* _RECORDS FOR PROCESSING_:
———

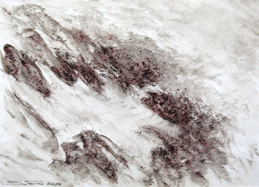 Gianna Stomeo 1959, Martano (Le) - [Italia] N. 3 olive su cartoncino telato 36x49 cm 2012 firma dell'artista in basso a sinistra e sul retro; opera con cornice certificato di autenticità firmato dall’artista
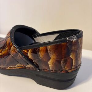 Dansko Patent Leather Clogs Embossed in Brown and Gold Tigers Eye Snake Print and Womens Shoe Size 39 US 8.5. Gently used and in good condition with some minor scuffs (see last three pictures).
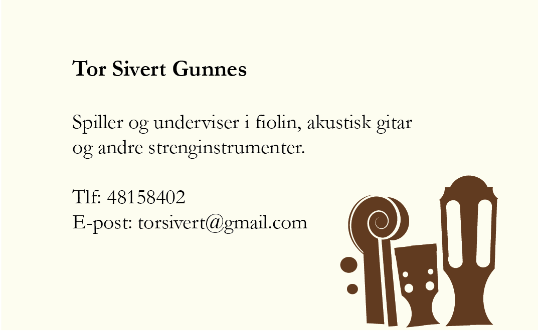 Visittkort, Tor Sivert Gunnes Grafisk design Tor Sivert Gunnes, visittkort 2014 Grafisk Design Klikk for å dele på Facebook(åpnes i en ny fane) Facebook Klikk for å dele på LinkedIn(åpnes i en ny fane) LinkedIn Klikk for å sende en lenke med e-post til en venn(åpnes i en ny fane) E-post Lik Laster inn...
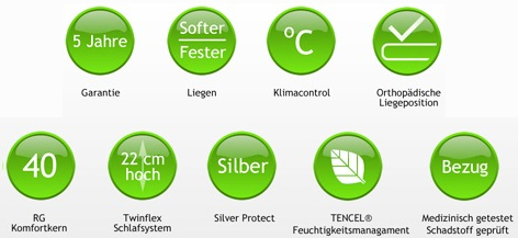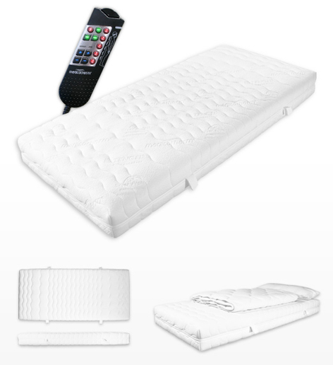Die orthopädische Medico-Twinflex-Matratze von medicotherm® mit 7 Liegezonen kann in dreizehn verschiedenen Maßen bis zu einer Größe von 200 x 200 cm erworben werden und ist mit einer integrierten oszillierenden Schwingungstherapie (ein im therapeutischen Bereich angewandtes Massageverfahren) ausgestattet. Da die Matratze außerdem mit zwei auf die unterschiedlichen Seiten verteilten Härtegraden daherkommt, passt sie sich den individuellen Bedürfnissen des Schlafenden an. Der SilverProtect-Matratzenbezug zeichnet sich durch drei aufeinander abgestimmte Materialien aus und sorgt für optimale hygienische Bedingungen. Ab einer Breite von 140 cm kann gegen einen Aufpreis von 149 € eine zweite Massage-Einheit eingebaut werden.
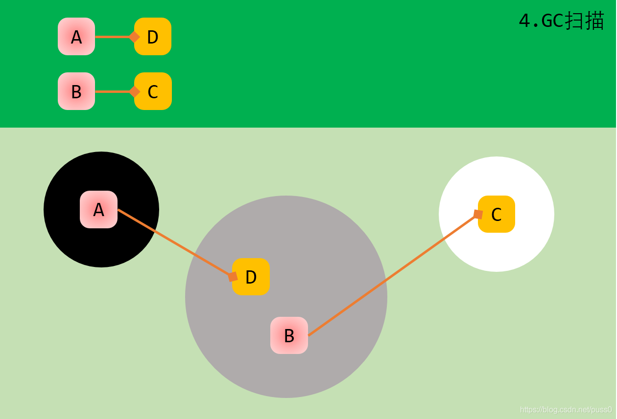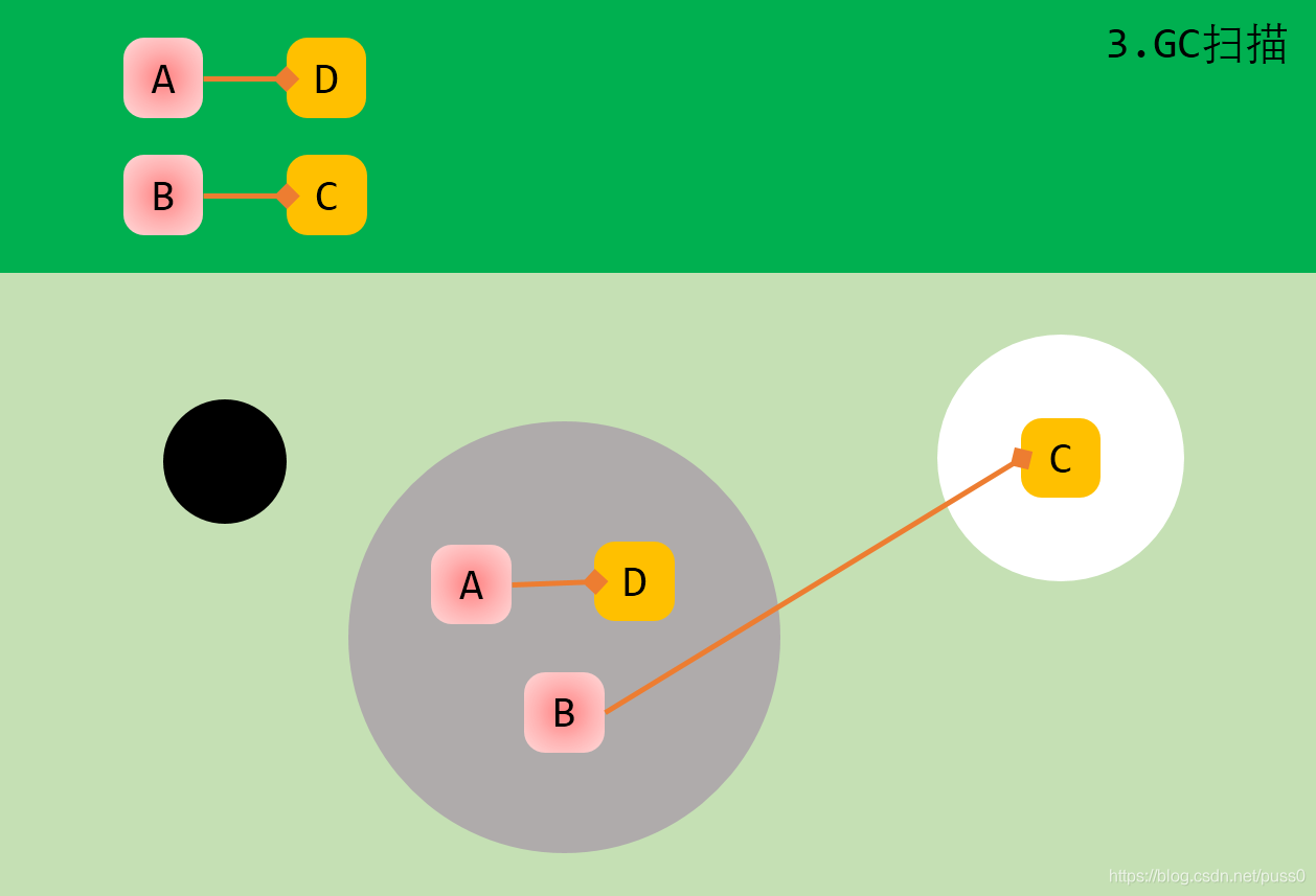 10.GC 收集器扫描对象B,也是孤家寡人一个,直接移入黑色集合完事儿。
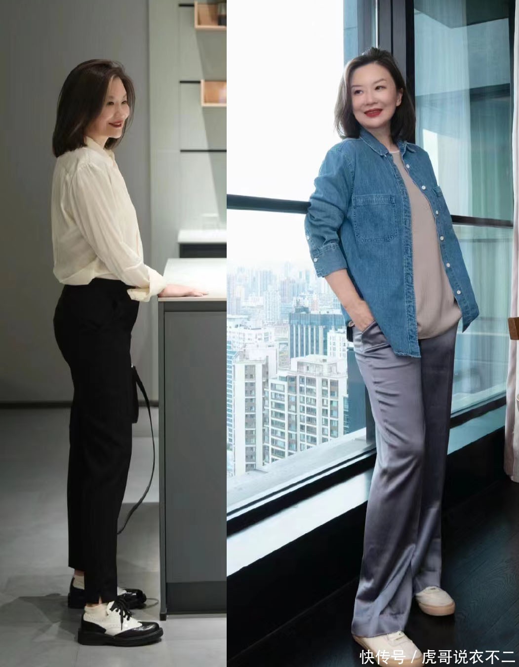 齐知说念裤子一向是考研腿型与比例的单品,那么为了不暴显现自己的纰谬,遴荐宽松款天然是主流。当裤子不紧贴腿部肌肤的技巧,也就意味着不错粗率腿部时弊,天然中年女东说念主衣着起来就会嗅觉更宽解、更稳定。
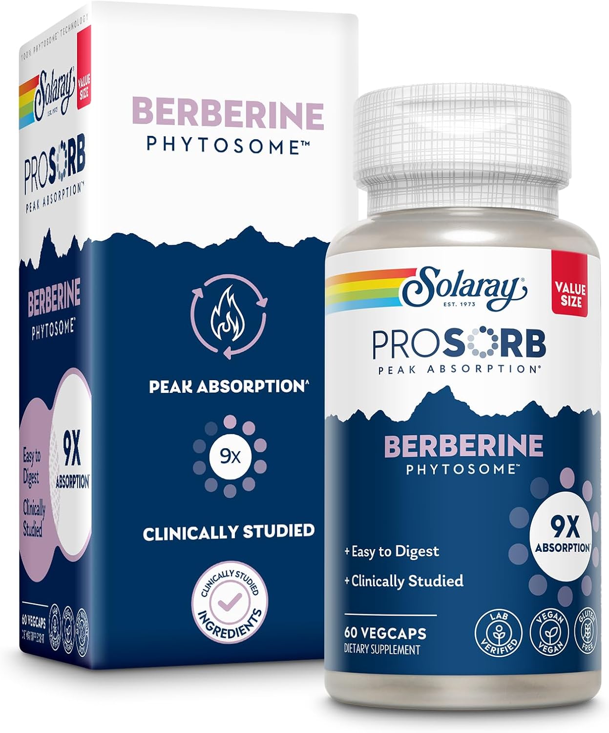 SOLARAY Berberine Phytosome - 9X Absorption and Easy-to-Digest - Standardized to 30% Berberine HCl - Vegan, Made Without Soy - 60-Day Guarantee - 60 Servings, 60 VegCaps
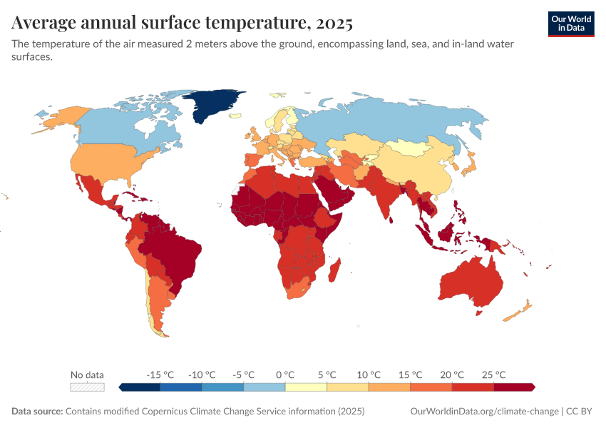 Contains modified Copernicus Climate Change Service information (2025) – with major processing by Our World in Data. “Average annual surface temperature” [dataset]. Contains modified Copernicus Climate Change Service information, “ERA5 monthly averaged data on single levels from 1940 to present 2” [original data]. Retrieved April 14, 2026 from https://data-childlabor-ilounicef.owid.pages.dev:8789/20260318-114526/grapher/average-annual-surface-temperature.html (archived on March 18, 2026).Download
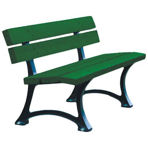 Plastique et fonte. Assise renforcée composée de lattes section 5 x 12 cm, angles chanfreinés. Pieds laqués noir. A fixer sur sol dur par scellement (4 goujons 12 x 120 mm fournis) sauf sur l’enrobé fixation chimique. Livré monté ou en Kit. Coloris noir disponible sur demande en version montée ou démontée. Coloris sable également disponible sur demande en version démontée.
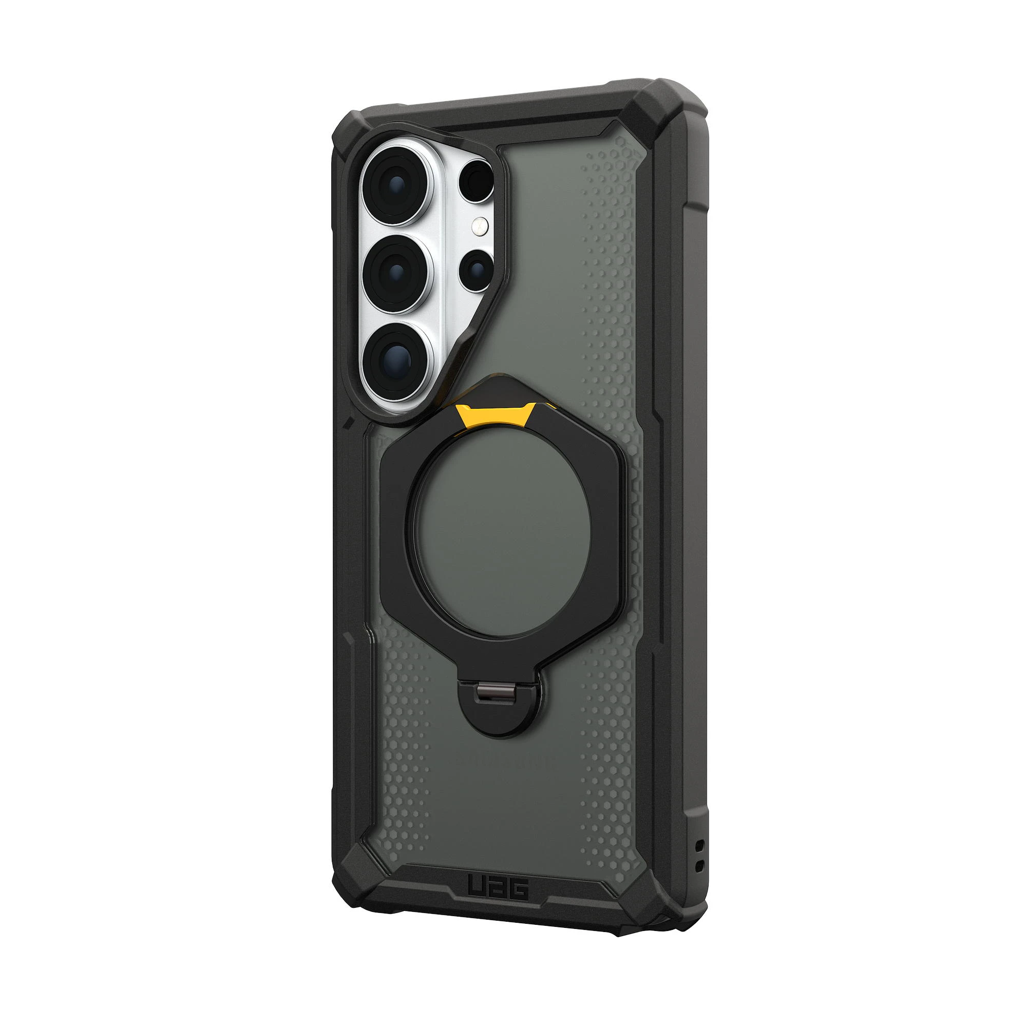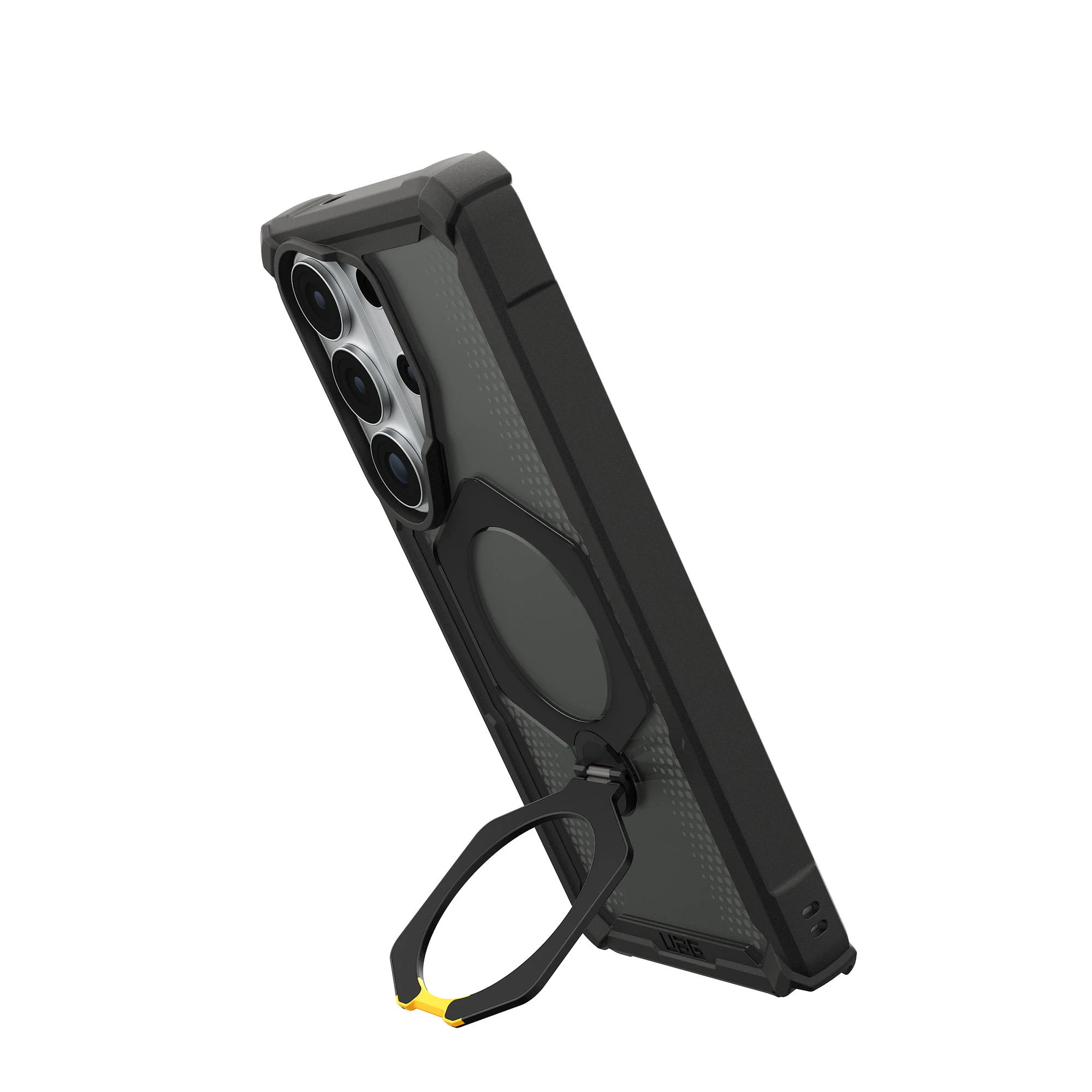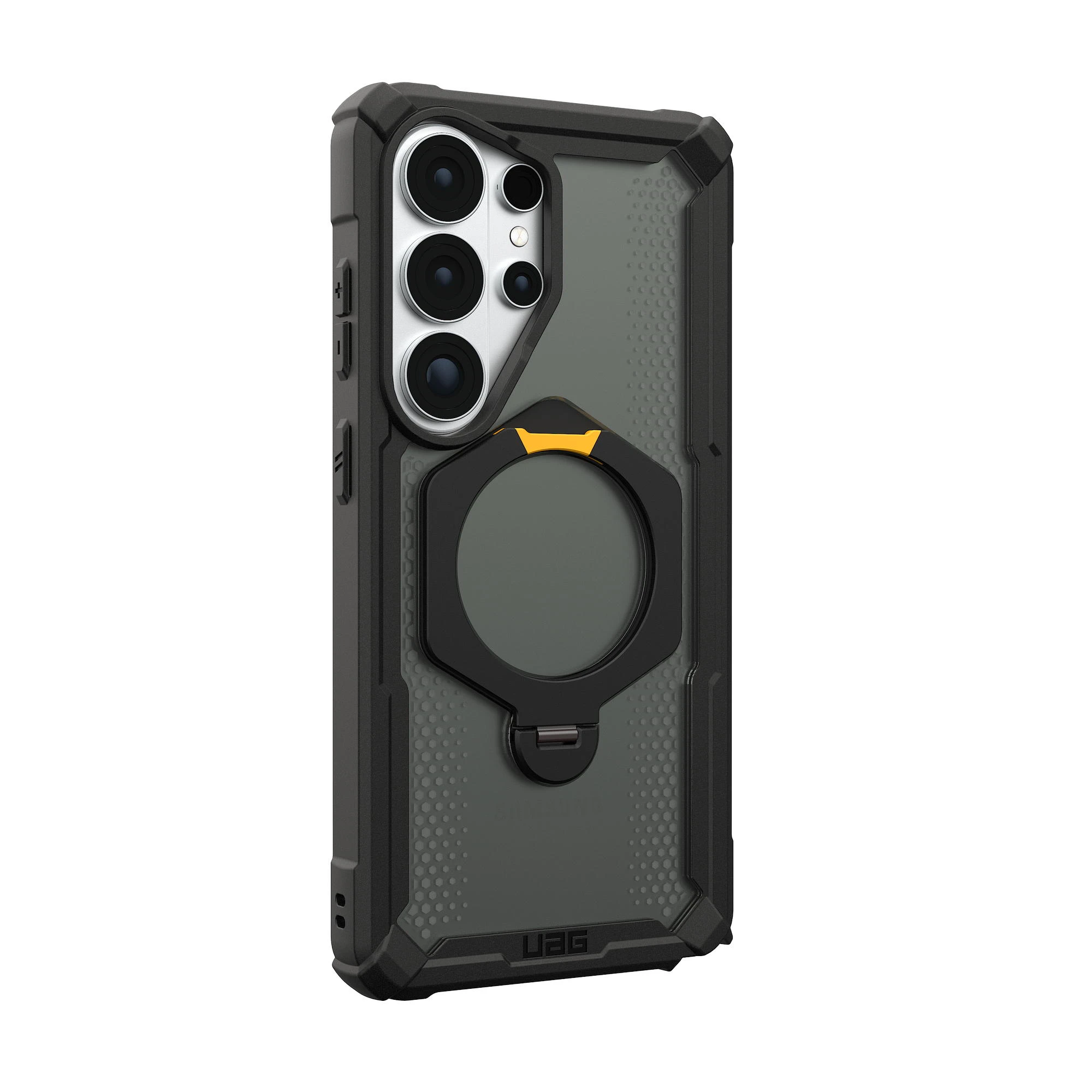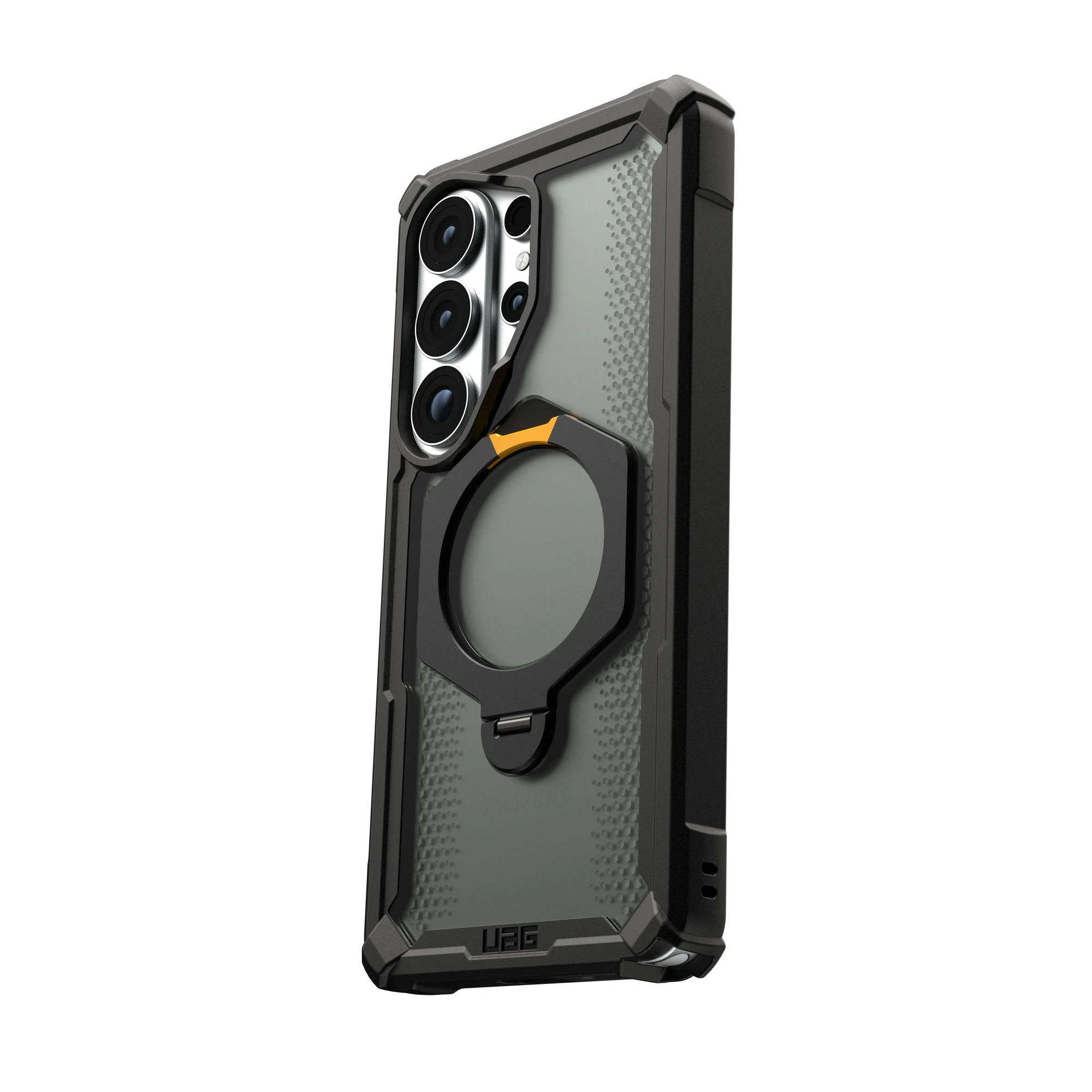 Чохол UAG Plasma XTE 360 with Magnet для Samsung Galaxy S26 Ultra поєднує ударопоглинальну конструкцію, магнітний модуль і металеву підставку з обертанням на 360°. Перфорована стільникова структура всередині ефективно розсіює ударне навантаження. Виступний бортик захищає дисплей під час розміщення екрана донизу. Підставка забезпечує регульовані кути перегляду в портретному та ландшафтному режимах.

———

A verbatim reproduction is expected: starting at the line above that has "Visittkort, Tor Sivert", ending at the line that has "SOLARAY Berberine Phytosome", both included, and with no pictures and no other lines.

* _OUTPUT OF THE TASK_:
 Visittkort, Tor Sivert Gunnes Grafisk design Tor Sivert Gunnes, visittkort 2014 Grafisk Design Klikk for å dele på Facebook(åpnes i en ny fane) Facebook Klikk for å dele på LinkedIn(åpnes i en ny fane) LinkedIn Klikk for å sende en lenke med e-post til en venn(åpnes i en ny fane) E-post Lik Laster inn...
Die orthopädische Medico-Twinflex-Matratze von medicotherm® mit 7 Liegezonen kann in dreizehn verschiedenen Maßen bis zu einer Größe von 200 x 200 cm erworben werden und ist mit einer integrierten oszillierenden Schwingungstherapie (ein im therapeutischen Bereich angewandtes Massageverfahren) ausgestattet. Da die Matratze außerdem mit zwei auf die unterschiedlichen Seiten verteilten Härtegraden daherkommt, passt sie sich den individuellen Bedürfnissen des Schlafenden an. Der SilverProtect-Matratzenbezug zeichnet sich durch drei aufeinander abgestimmte Materialien aus und sorgt für optimale hygienische Bedingungen. Ab einer Breite von 140 cm kann gegen einen Aufpreis von 149 € eine zweite Massage-Einheit eingebaut werden.
 10.GC 收集器扫描对象B,也是孤家寡人一个,直接移入黑色集合完事儿。
 齐知说念裤子一向是考研腿型与比例的单品,那么为了不暴显现自己的纰谬,遴荐宽松款天然是主流。当裤子不紧贴腿部肌肤的技巧,也就意味着不错粗率腿部时弊,天然中年女东说念主衣着起来就会嗅觉更宽解、更稳定。
 SOLARAY Berberine Phytosome - 9X Absorption and Easy-to-Digest - Standardized to 30% Berberine HCl - Vegan, Made Without Soy - 60-Day Guarantee - 60 Servings, 60 VegCaps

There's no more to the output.